◆ **What you will do**:
Only the pictures should be dropped; every line of the data must come back exactly as written.

"""

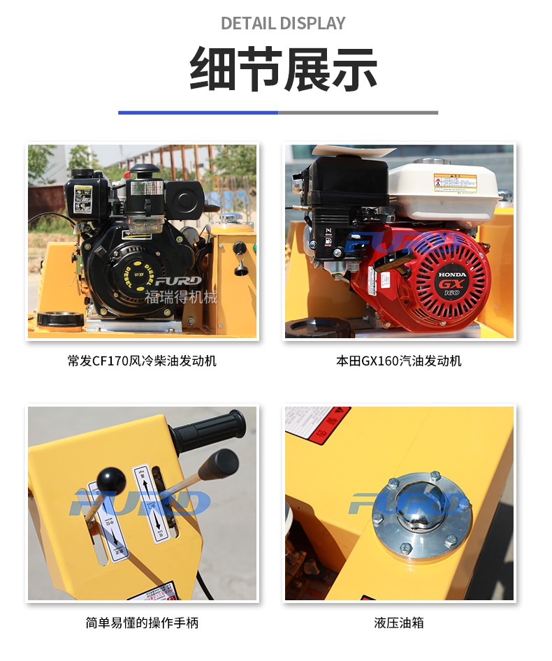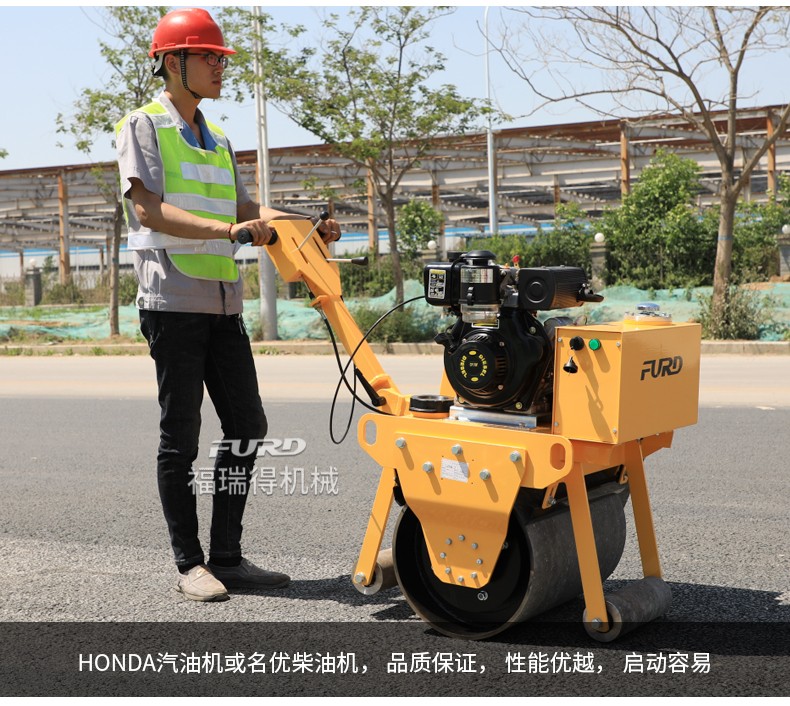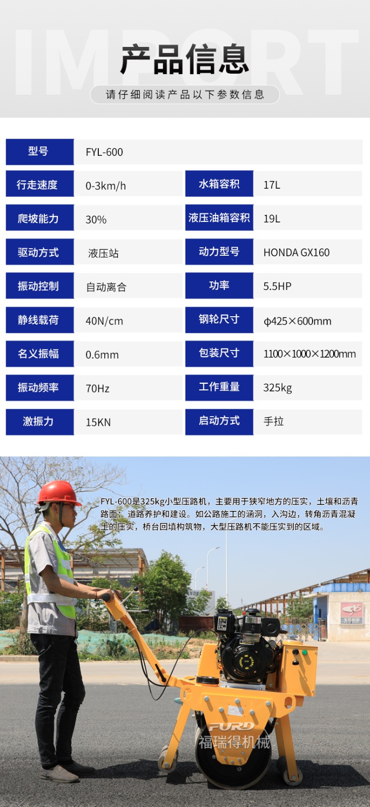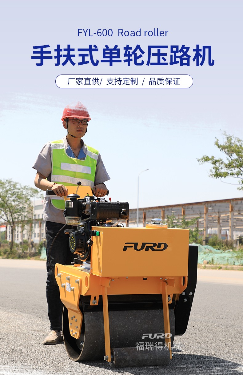 產(chǎn)品簡介:FYL-600 汽油單輪壓路機主要用于溝渠基礎(chǔ),道路,體育場地的壓實整平, 也可用于壓實瀝青表面的作業(yè)。
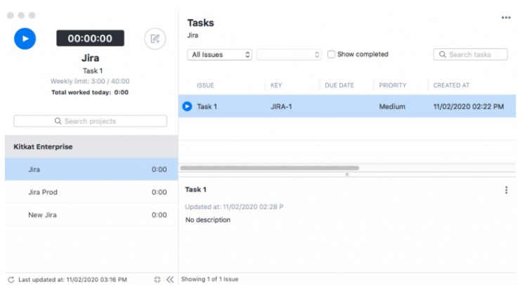 The desktop timer will have the tasks on the right side once the Jira project is selected.
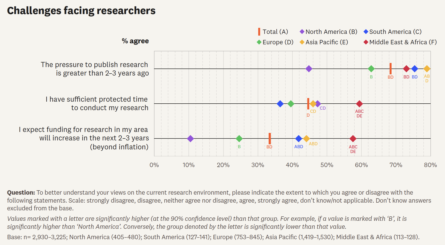 68%暗示跨学科合做较着添加,53%暗示跨国合做愈加活跃。调研发觉,此外,此中亚太地域受访人感触感染最为积极(68%),只要45%的科研人员认为本人具有脚够的时间用于科研,
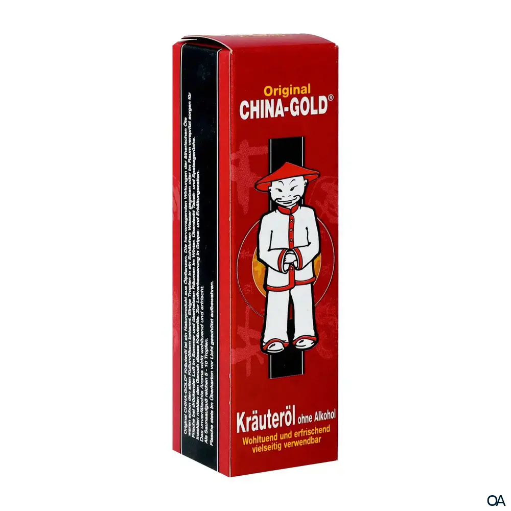 CHINA-GOLD Kräuteröl: Das vielseitige Öl auf Basis natürlicher Inhaltsstoffe sorgt für ein angenehmes Raumklima, überdeckt unangenehme Gerüche und wirkt entspannend. Ohne Alkohol.CHINA-GOLD Kräuteröl: Das vielseitige Öl auf Basis natürlicher Inhaltsstoffe sorgt für ein angenehmes Raumklima, überdeckt unangenehme Gerüche und wirkt entspannend. Ohne Alkohol.
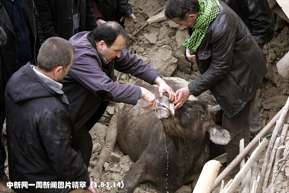 周二在土耳其奧克丘拉爾,人們?cè)噲D解救一頭被困在廢墟中的牛。土耳其此前一天發(fā)生的強(qiáng)烈地震造成至少50人遇難。圖片來源:中國新聞網(wǎng)
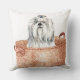 CUTE WHITE MALTESE DOG IN BROWN BASKET THROW PILLOW
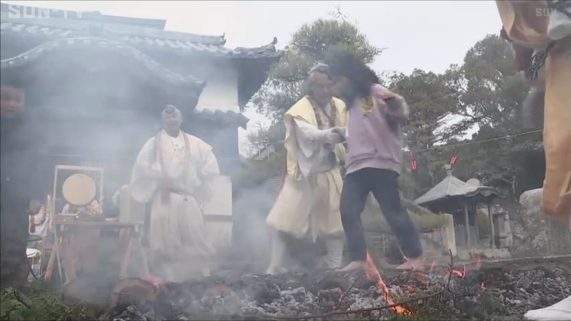 淡路島の寺で恒例行事「火渡り」 護摩を燃やした後の丸太の上をはだしで歩く 無病息災願い 2024.01.2821:20 地域・まち 兵庫県洲本市の安覚寺では護摩を燃やした後の丸太の上をはだしで歩き、一年の無病息災を願う伝統行事「火渡り」が行われました。 洲本市の安覚寺は千年以上にわたって人々の信仰を集める薬師如来がご本尊で、病気や苦痛などの厄災を除くとされています。 28日の初薬師大祭では伝統行事の「火渡り」が行われ、住職らがお経を唱える中、護摩を燃やした後の丸太の上を住民たちがはだしで歩き、一年の無病息災を願っていました。 参加した人たちは丸太の上を素早く渡り、新たな一年の無事を祈りながら厄を払っていました。 #火渡り 記事のギャラリーを見る ニュース一覧へ戻る
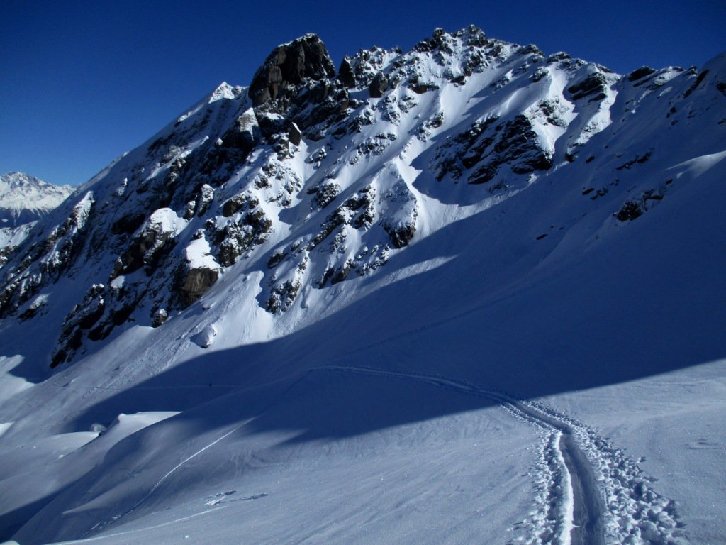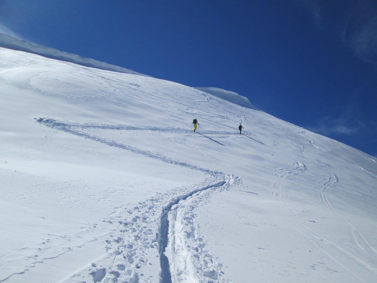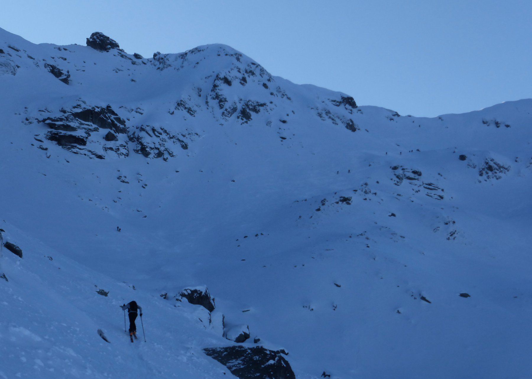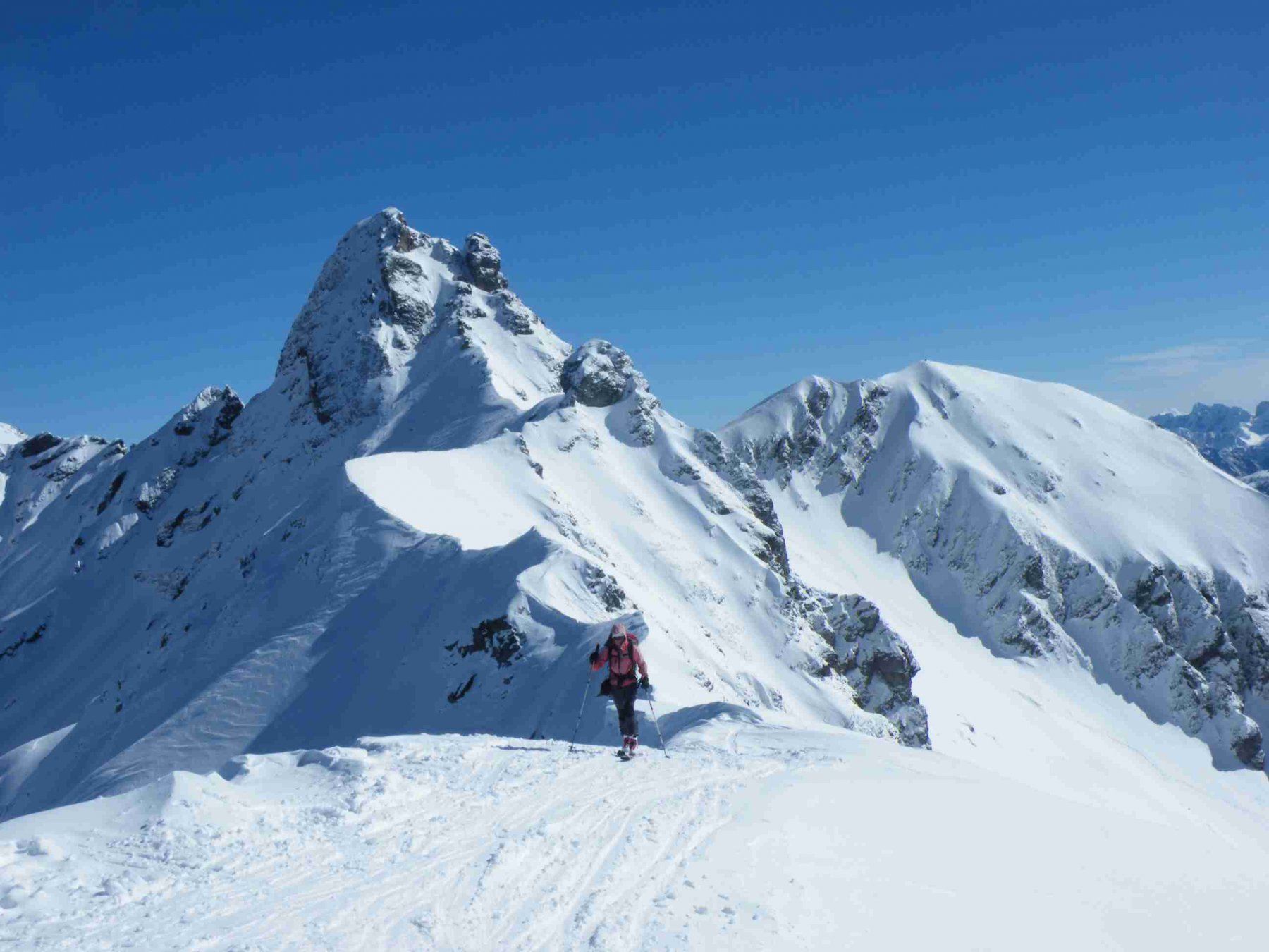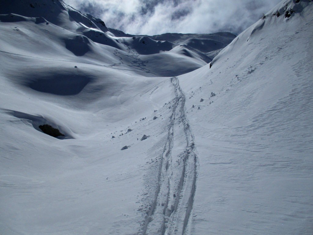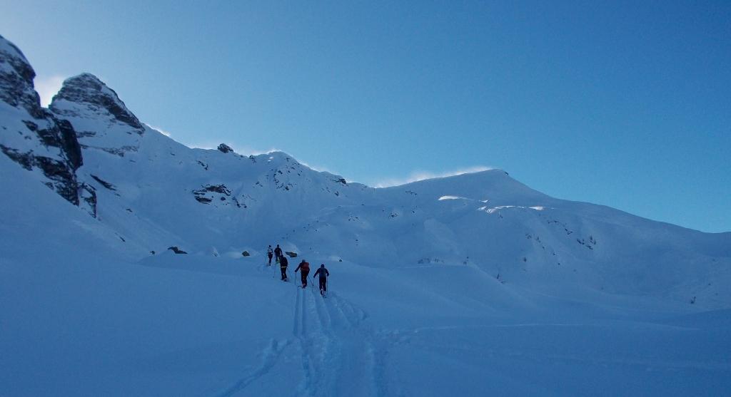 Discesa lungo l’itinerario di salita oppure, con neve sicura, per il versante nord ed un ripido canale che porta sulla via di salita in prossimità delle baite.

"""

◆ **Answer to this exercise**:
 產(chǎn)品簡介:FYL-600 汽油單輪壓路機主要用于溝渠基礎(chǔ),道路,體育場地的壓實整平, 也可用于壓實瀝青表面的作業(yè)。
 The desktop timer will have the tasks on the right side once the Jira project is selected.
 68%暗示跨学科合做较着添加,53%暗示跨国合做愈加活跃。调研发觉,此外,此中亚太地域受访人感触感染最为积极(68%),只要45%的科研人员认为本人具有脚够的时间用于科研,
 CHINA-GOLD Kräuteröl: Das vielseitige Öl auf Basis natürlicher Inhaltsstoffe sorgt für ein angenehmes Raumklima, überdeckt unangenehme Gerüche und wirkt entspannend. Ohne Alkohol.CHINA-GOLD Kräuteröl: Das vielseitige Öl auf Basis natürlicher Inhaltsstoffe sorgt für ein angenehmes Raumklima, überdeckt unangenehme Gerüche und wirkt entspannend. Ohne Alkohol.
 周二在土耳其奧克丘拉爾,人們?cè)噲D解救一頭被困在廢墟中的牛。土耳其此前一天發(fā)生的強(qiáng)烈地震造成至少50人遇難。圖片來源:中國新聞網(wǎng)
 CUTE WHITE MALTESE DOG IN BROWN BASKET THROW PILLOW
 淡路島の寺で恒例行事「火渡り」 護摩を燃やした後の丸太の上をはだしで歩く 無病息災願い 2024.01.2821:20 地域・まち 兵庫県洲本市の安覚寺では護摩を燃やした後の丸太の上をはだしで歩き、一年の無病息災を願う伝統行事「火渡り」が行われました。 洲本市の安覚寺は千年以上にわたって人々の信仰を集める薬師如来がご本尊で、病気や苦痛などの厄災を除くとされています。 28日の初薬師大祭では伝統行事の「火渡り」が行われ、住職らがお経を唱える中、護摩を燃やした後の丸太の上を住民たちがはだしで歩き、一年の無病息災を願っていました。 参加した人たちは丸太の上を素早く渡り、新たな一年の無事を祈りながら厄を払っていました。 #火渡り 記事のギャラリーを見る ニュース一覧へ戻る
 Discesa lungo l’itinerario di salita oppure, con neve sicura, per il versante nord ed un ripido canale che porta sulla via di salita in prossimità delle baite.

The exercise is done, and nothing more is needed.